Task instructions – Directions for the data below: repeat exactly the lines from the one with "4、账号的「主体类型」选择「个人」,随后根据页面提示,输入姓名、身份证号信息" through the one with "Collier Argent 925/1000", both included, and omit all pictures.

Data excerpts –
============================================================

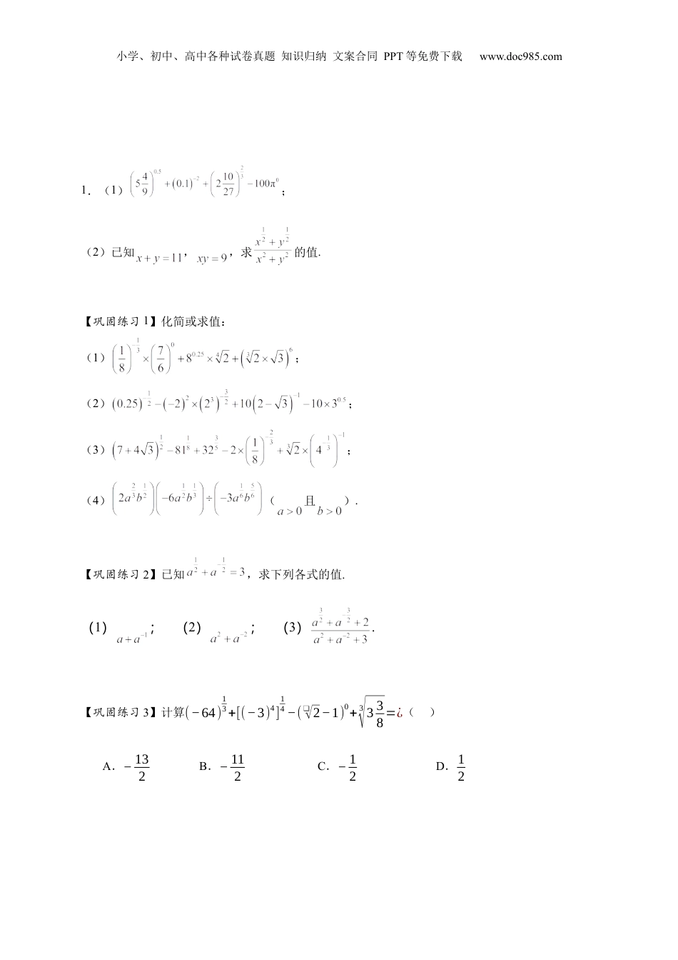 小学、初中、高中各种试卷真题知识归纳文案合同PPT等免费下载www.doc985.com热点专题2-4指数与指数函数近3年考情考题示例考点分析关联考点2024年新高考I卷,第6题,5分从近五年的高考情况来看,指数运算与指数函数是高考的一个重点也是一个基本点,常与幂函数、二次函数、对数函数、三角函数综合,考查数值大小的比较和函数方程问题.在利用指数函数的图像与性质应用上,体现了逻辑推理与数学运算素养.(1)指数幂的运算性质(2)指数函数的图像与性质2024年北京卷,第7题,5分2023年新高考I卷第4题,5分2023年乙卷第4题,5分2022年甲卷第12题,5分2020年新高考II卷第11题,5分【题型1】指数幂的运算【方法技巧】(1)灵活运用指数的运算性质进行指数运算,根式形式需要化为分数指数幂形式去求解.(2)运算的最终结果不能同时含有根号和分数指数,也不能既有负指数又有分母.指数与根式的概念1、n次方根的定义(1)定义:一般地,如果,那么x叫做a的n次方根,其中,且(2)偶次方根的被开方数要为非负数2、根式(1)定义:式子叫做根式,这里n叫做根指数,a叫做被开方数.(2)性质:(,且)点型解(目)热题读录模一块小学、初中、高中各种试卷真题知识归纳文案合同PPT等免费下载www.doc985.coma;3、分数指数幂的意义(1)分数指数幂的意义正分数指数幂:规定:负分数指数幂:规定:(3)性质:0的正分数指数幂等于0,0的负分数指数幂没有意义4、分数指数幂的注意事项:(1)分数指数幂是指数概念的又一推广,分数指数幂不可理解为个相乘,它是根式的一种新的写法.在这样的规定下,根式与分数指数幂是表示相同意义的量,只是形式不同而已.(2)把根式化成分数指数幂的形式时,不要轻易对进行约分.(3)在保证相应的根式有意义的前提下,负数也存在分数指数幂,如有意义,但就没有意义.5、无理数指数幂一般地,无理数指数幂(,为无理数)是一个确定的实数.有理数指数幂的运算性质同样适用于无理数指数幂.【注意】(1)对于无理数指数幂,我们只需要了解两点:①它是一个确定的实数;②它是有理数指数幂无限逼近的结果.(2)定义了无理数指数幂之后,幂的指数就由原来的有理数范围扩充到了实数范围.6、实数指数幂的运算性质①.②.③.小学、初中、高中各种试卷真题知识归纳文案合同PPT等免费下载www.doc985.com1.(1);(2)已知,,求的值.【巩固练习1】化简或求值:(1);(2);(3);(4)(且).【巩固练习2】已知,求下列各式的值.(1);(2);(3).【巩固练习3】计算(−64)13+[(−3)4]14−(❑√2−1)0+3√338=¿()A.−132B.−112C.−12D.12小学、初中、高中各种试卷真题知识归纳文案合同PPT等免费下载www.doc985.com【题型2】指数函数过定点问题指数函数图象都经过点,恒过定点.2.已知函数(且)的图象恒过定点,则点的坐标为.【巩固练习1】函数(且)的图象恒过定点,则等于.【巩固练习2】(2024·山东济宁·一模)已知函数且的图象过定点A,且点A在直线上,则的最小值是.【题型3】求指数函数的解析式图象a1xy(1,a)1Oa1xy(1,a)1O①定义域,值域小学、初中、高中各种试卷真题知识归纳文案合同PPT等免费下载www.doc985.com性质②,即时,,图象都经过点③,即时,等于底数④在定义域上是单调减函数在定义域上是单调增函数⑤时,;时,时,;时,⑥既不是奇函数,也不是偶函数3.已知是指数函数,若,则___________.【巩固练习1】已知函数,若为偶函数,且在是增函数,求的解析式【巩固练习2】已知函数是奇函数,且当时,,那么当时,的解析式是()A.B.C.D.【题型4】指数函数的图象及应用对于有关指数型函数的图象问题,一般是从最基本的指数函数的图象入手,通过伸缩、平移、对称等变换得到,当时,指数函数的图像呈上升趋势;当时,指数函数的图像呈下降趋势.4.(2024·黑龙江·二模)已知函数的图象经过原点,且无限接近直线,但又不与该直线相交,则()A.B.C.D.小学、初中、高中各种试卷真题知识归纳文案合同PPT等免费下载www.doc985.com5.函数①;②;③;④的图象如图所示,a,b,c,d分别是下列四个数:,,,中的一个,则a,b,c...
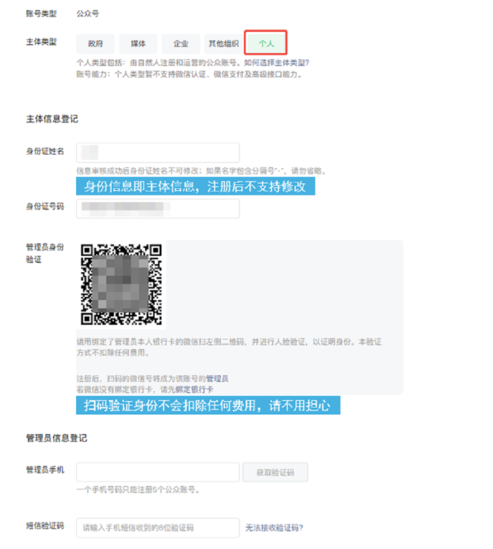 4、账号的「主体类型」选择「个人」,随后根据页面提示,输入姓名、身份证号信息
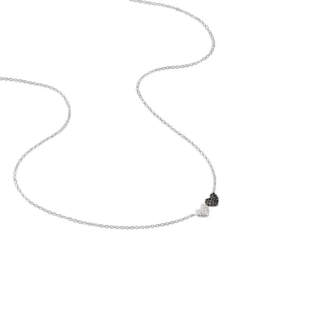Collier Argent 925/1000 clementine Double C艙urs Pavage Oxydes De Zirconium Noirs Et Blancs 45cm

============================================================

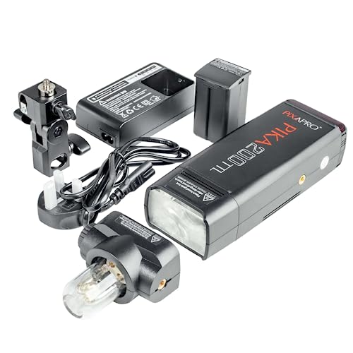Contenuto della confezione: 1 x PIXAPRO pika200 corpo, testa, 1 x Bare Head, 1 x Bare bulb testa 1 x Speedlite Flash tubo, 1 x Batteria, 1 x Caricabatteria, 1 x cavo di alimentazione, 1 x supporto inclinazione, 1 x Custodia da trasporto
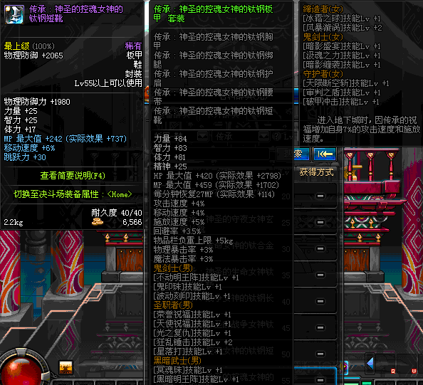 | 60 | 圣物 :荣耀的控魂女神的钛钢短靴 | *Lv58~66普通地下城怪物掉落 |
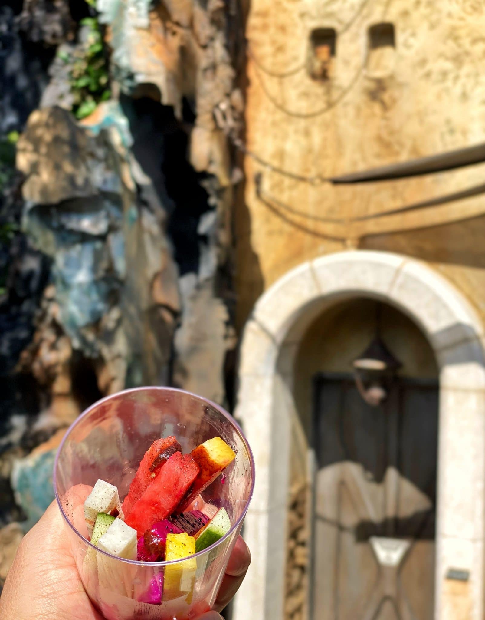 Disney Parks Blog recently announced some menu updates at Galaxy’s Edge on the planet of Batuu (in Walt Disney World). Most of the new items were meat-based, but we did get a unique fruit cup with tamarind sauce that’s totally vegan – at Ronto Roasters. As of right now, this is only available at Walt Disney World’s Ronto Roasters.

============================================================

Response –
 4、账号的「主体类型」选择「个人」,随后根据页面提示,输入姓名、身份证号信息
Collier Argent 925/1000 clementine Double C艙urs Pavage Oxydes De Zirconium Noirs Et Blancs 45cm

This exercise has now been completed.